- **Dataset records**
++++++
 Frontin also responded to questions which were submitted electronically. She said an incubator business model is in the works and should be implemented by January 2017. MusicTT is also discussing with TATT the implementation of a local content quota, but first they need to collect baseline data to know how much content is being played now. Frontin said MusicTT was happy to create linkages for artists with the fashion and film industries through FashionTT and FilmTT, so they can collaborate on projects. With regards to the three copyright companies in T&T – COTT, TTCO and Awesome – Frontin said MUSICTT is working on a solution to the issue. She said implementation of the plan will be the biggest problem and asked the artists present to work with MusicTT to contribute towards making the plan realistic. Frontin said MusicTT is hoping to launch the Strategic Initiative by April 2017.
++++++
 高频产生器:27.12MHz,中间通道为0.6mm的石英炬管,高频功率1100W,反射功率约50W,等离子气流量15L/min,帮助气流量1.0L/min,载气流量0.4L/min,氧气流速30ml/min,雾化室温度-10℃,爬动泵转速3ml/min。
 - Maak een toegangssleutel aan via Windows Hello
++++++
- **Your assignment**
Here the output must be the lines above from the line with "高频产生器:27.12MHz" to the line with "- Maak een toegangssleutel", both included, duplicated word for word and nothing else.

- **Written answer**
 高频产生器:27.12MHz,中间通道为0.6mm的石英炬管,高频功率1100W,反射功率约50W,等离子气流量15L/min,帮助气流量1.0L/min,载气流量0.4L/min,氧气流速30ml/min,雾化室温度-10℃,爬动泵转速3ml/min。
 - Maak een toegangssleutel aan via Windows Hello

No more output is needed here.